Start of Block

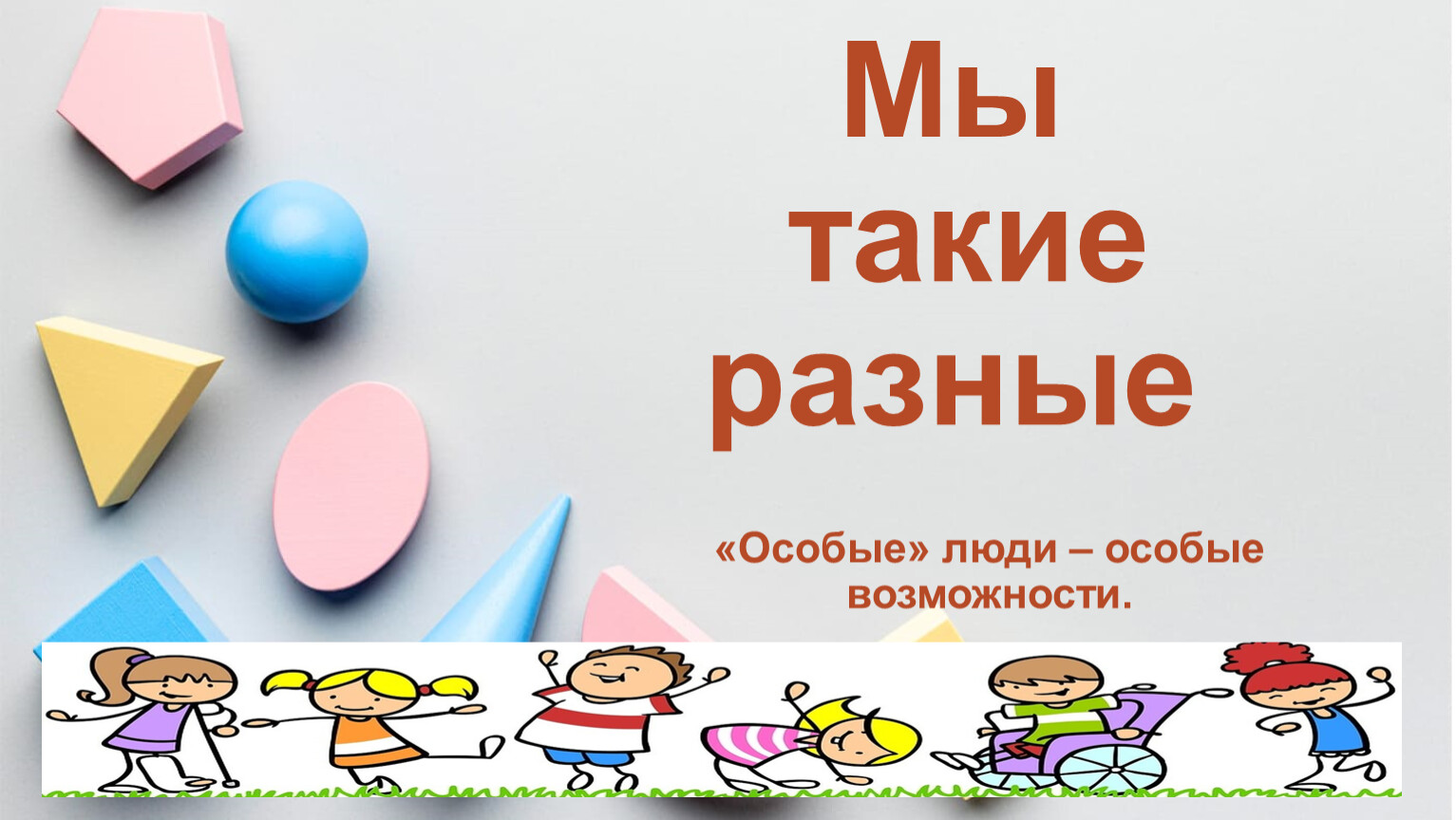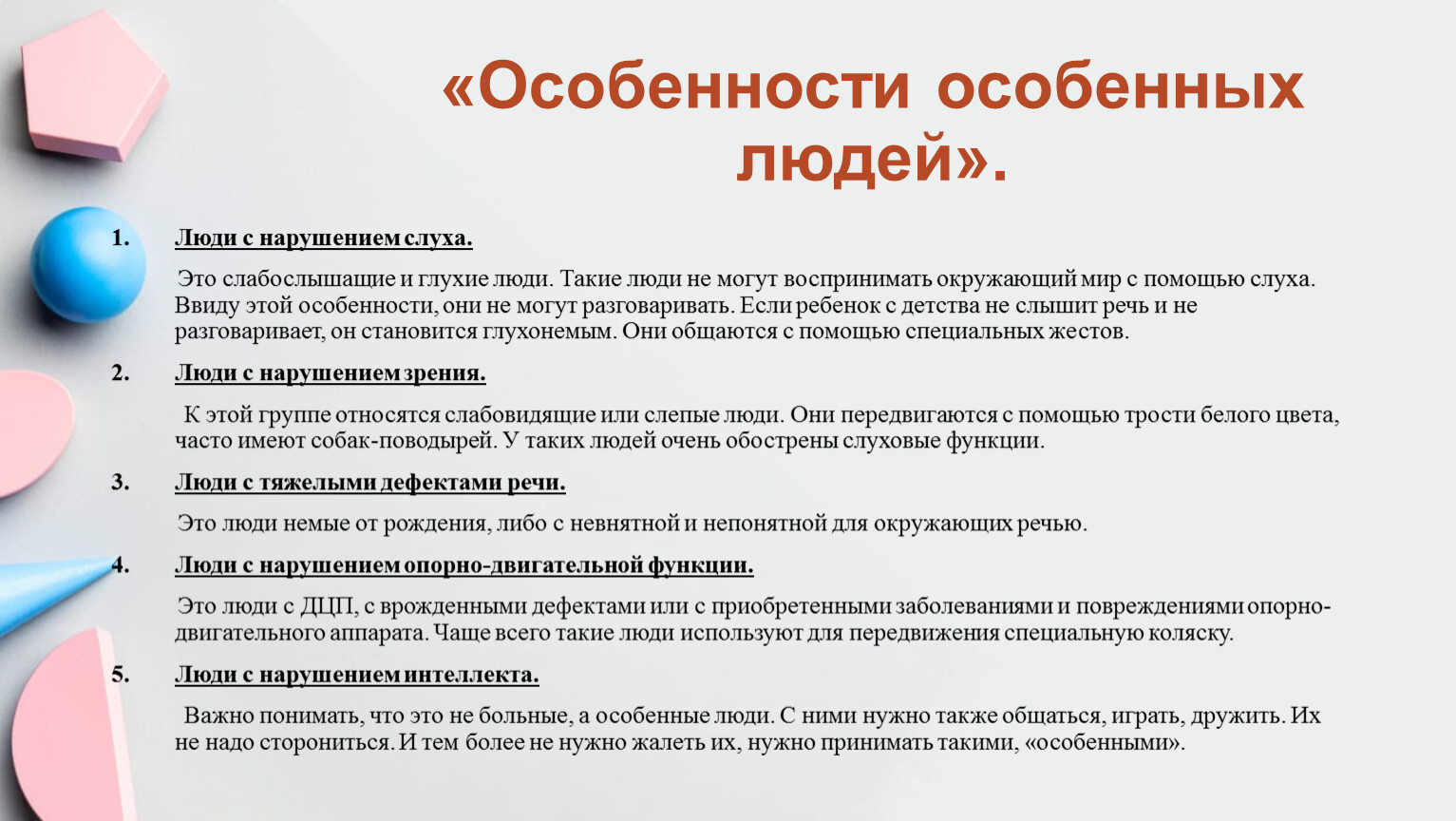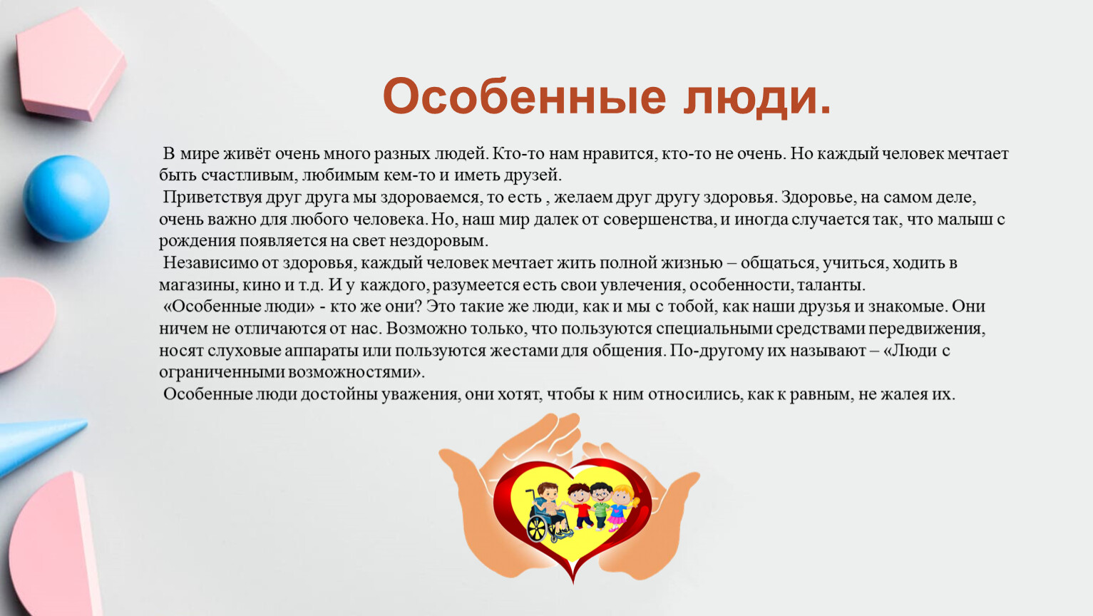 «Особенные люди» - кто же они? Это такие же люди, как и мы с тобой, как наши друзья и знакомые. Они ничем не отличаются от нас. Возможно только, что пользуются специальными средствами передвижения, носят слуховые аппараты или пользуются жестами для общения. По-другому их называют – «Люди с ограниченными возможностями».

End of Block
Start of Block

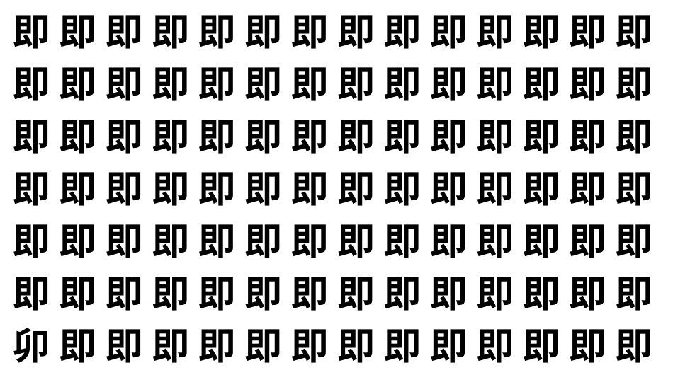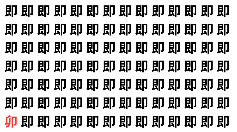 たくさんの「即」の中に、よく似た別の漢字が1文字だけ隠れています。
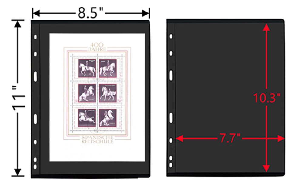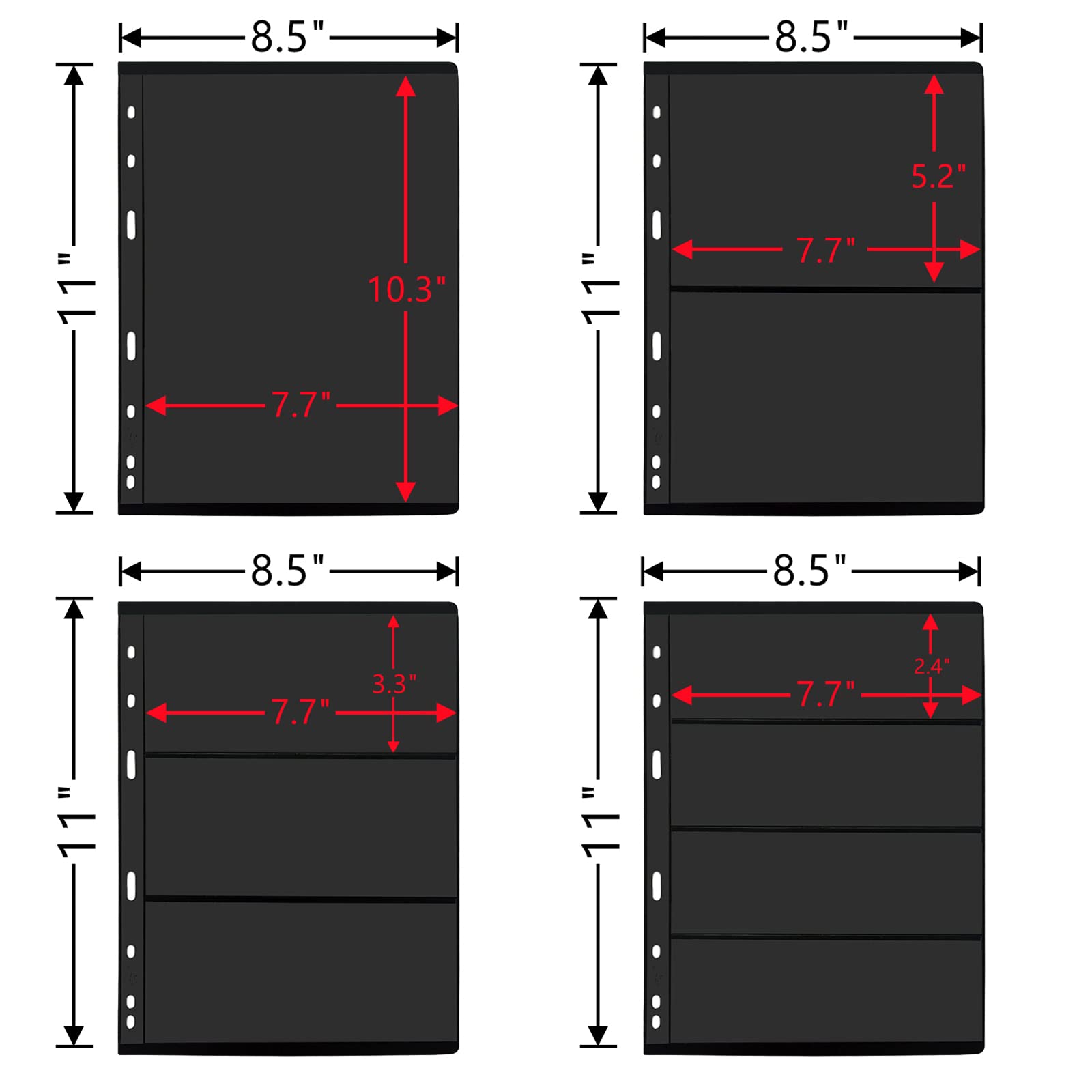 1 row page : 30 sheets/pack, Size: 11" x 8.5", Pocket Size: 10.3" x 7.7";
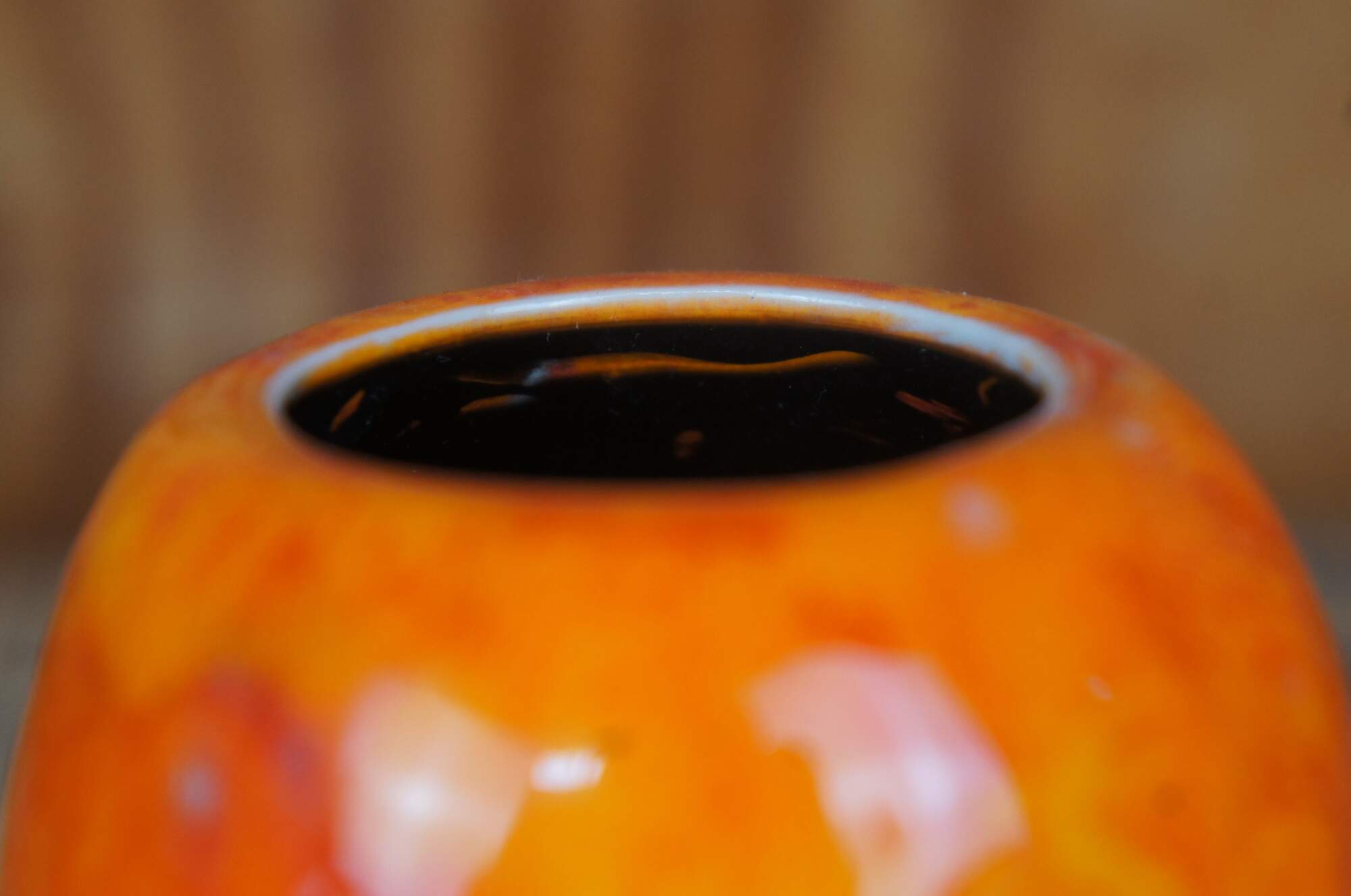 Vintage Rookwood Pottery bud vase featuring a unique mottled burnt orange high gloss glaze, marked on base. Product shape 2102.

End of Block

WORK TO BE COMPLETED: What are the lines in the records above, word for word, from the one containing "たくさんの「即」の中に、よく似た別の漢字が1文字だけ隠れています。" through the one containing "Vintage Rookwood Pottery", both ends included and pictures left out?

PROBLEM SOLUTION:
 たくさんの「即」の中に、よく似た別の漢字が1文字だけ隠れています。
 1 row page : 30 sheets/pack, Size: 11" x 8.5", Pocket Size: 10.3" x 7.7";
 Vintage Rookwood Pottery bud vase featuring a unique mottled burnt orange high gloss glaze, marked on base. Product shape 2102.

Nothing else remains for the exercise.